Few neuromuscular clinicians are familiar with the fundamental physical principles of ultrasound. This chapter is designed to explain them qualitatively in the context of operating the instrument. The intent is to make explicit how engineering determines what appears on the screen, and how understanding this process helps optimize the image displayed. This introduction will be adequate for the reader to use and understand the instrument and to guide further reading for those who see the potential for further development of the technique. Current instruments have been designed with organs and tissues in mind other than nerve and muscle, so enhancements in instrumentation are possible, given sufficient feedback from experienced users.

Overview

The ancient Greeks understood the fundamental relationship of reflected light and sound as revealed in the story of Echo and Narcissus in which man (Narcissus) is smitten by reflected light and immune to the nuance of reflected sound (Echo). It is unlikely that the creator of this story anticipated the development of underwater sonar or medical ultrasound, but it seems plausible that she would have understood the value of echolocation as another way of perceiving the natural world.

Nature has long recognized and appreciated the perceptual gift of echolocation, which manifests in the biologic marvels of bats and whales, creatures that use echoes to map space in darkness and deep water, areas where sight is uninformative. The ability possessed by these creatures to experience the world directly through echolocation will always remain foreign to humans. We cannot replicate the vocal, auditory, and particularly the cortical adaptations required for this type of experience, so we must settle for a surrogate, which is the use of reflected sound energy to manufacture a visual representation of anatomic space. For an in-depth discussion of echolocation and other unique sensory experiences in nonhuman mammals, Howard Hughes’ award winning book Sensory Exotica is highly recommended.¹

Almost everyone who is using this textbook will have already had some experience with ultrasound, but even for the experienced ultrasonographer, it is helpful to begin with a review of instrumentation as a means of explaining how an ultrasound image is created. The discussion begins with a description of how to get started generating images with an instrument, followed by discussions of the transducer and its elements, the behavior of sound and echoes in human tissue, and how the ultrasound instrument regulates the transducer and translates echoes into an image. In parallel with these descriptions are some brief comparisons of ultrasound with electrodiagnostic technology. Neuromuscular pathology is largely corroborated, not by other imaging modalities, but by electrodiagnostic findings, so an appreciation of this technology is of value. Further, many readers have considerable experience with electrodiagnosis, and this will help them appreciate the mechanics of ultrasound. There are also some parallel discussions on the nature of human perception and how that also determines display characteristics of ultrasound instrumentation (Fig. 1.1).

Fig. 1.1 A, This figure describes ultrasound imaging using the four key elements involved: the transducer, the instrument and its controls, the patient, and the ultrasonographer.

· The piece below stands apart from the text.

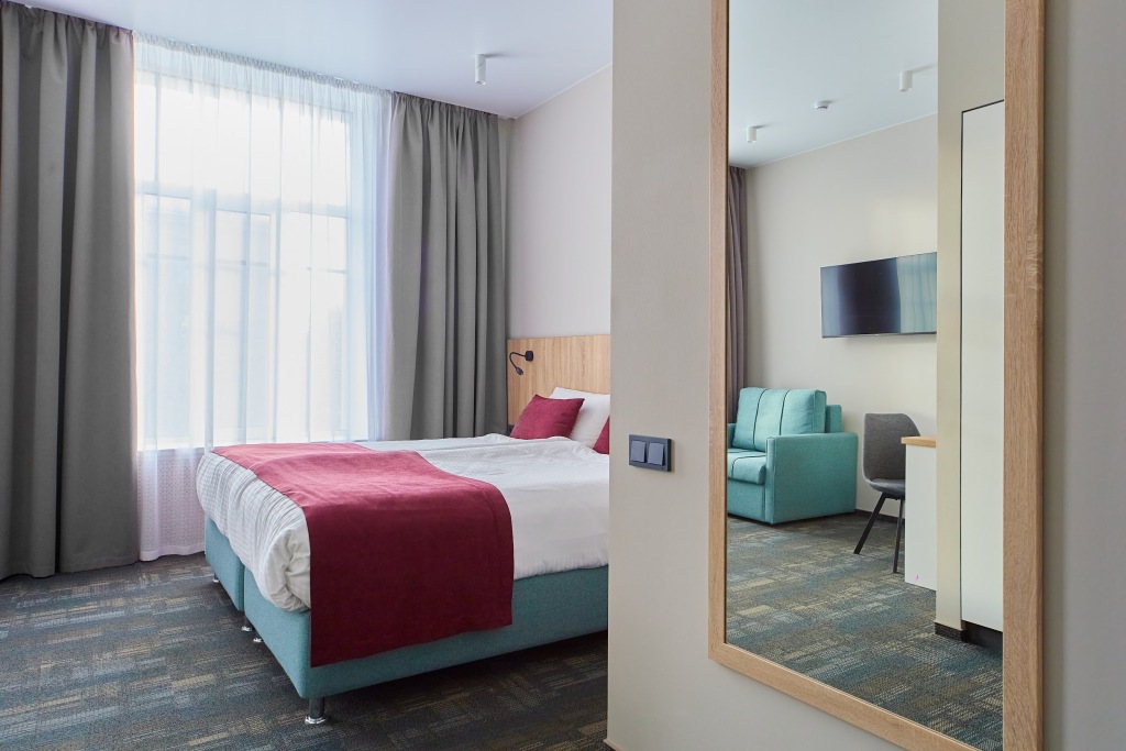 Удобное расположение отеля,своя парковка, номер чистый, персонал вежливый.Брали с завтраками, очень вкусные в ресторане на 1м этаже. В ванной комнате холодно, полы холодные.

The ultrasonographer coordinates the interaction of all four elements during an examination. B, Electromyography, which can be described by a similar grid, is sometimes considered an extension of the physical examination, a role also exemplified by neuromuscular ultrasound. The directional arrows denote the multiple feedback loops that make these techniques so interactive. EMG, Electromyography.

Getting Started: Obtaining an Image

Ultrasound instruments have an impressive array of switches, dials, and buttons that can be daunting to the novice (Fig. 1.2). Even finding the on/off button to the instrument, which is invariably in a covert location to avoid inadvertent deactivation, adds to the challenge. Once the instrument is turned on, however, users quickly find that the instrument is quite intuitive and can be quickly put to use. The first step is to identify the active transducer on the instrument and then to coat it with coupling gel. It can then be placed over the wrist as shown in Figure 1.3. Note that every linear array transducer has a marking on one side, which corresponds to a marking on the display screen. The marking on the display should always be in the upper left corner of the screen, and the probe should be positioned such that the marker on the probe is pointed cephalad to the patient for sagittal imaging and to the ultrasonographer’s left side for cross-sectional imaging. This will produce images that are oriented in the same fashion as computed tomography (CT) or magnetic resonance imaging (MRI). However, it should be noted that this convention has not been routinely followed in neuromuscular imaging, so not all of the older images in this text are oriented in this fashion. In particular, sagittal imaging of the median nerve at the wrist frequently has been depicted in the opposite fashion in the literature, with the left side of the display screening showing the distal portion of the wrist, but that is an undesirable orientation, based on ultrasound convention, and should be avoided.² See Box 1.1 for other general considerations when performing neuromuscular ultrasound.

Fig. 1.2 Control panels of several different ultrasound instruments, all circa 2010. A, Philips IU22. B, Biosound Esaote MyLab gold. C, GE Logiq. Although modern instruments are digital, instrument controls can either involve continuous adjustment or incremental steps. The time gain compensation panel on each instrument is indicated by arrows.

Fig. 1.3 Probe on wrist, the fingers cover the edge indicator on the transducer, and the transducer is held to obtain a cross-sectional image of the median nerve at the wrist.

Box 1.1 General Considerations for Neuromuscular Ultrasound

1. Use a linear array transducer with a frequency ≥ 12 MHz.

2. Set up the exam room so the ultrasonographer can see bothination the patient and ultrasound device in the same view (see Fig. 1.25).

3. Always position the marker on the transducer, which corresponds to the upper left corner of the ultrasound display screen, to the ultrasonographer’s left side with cross-sectional imaging and to the patient’s head with sagittal imaging.

4. During the study, the depth, focus, gain, and time gain compensation should be adjusted to optimize imaging of the structure of interest.

5. If available, Doppler should be used to confirm flow in vessels.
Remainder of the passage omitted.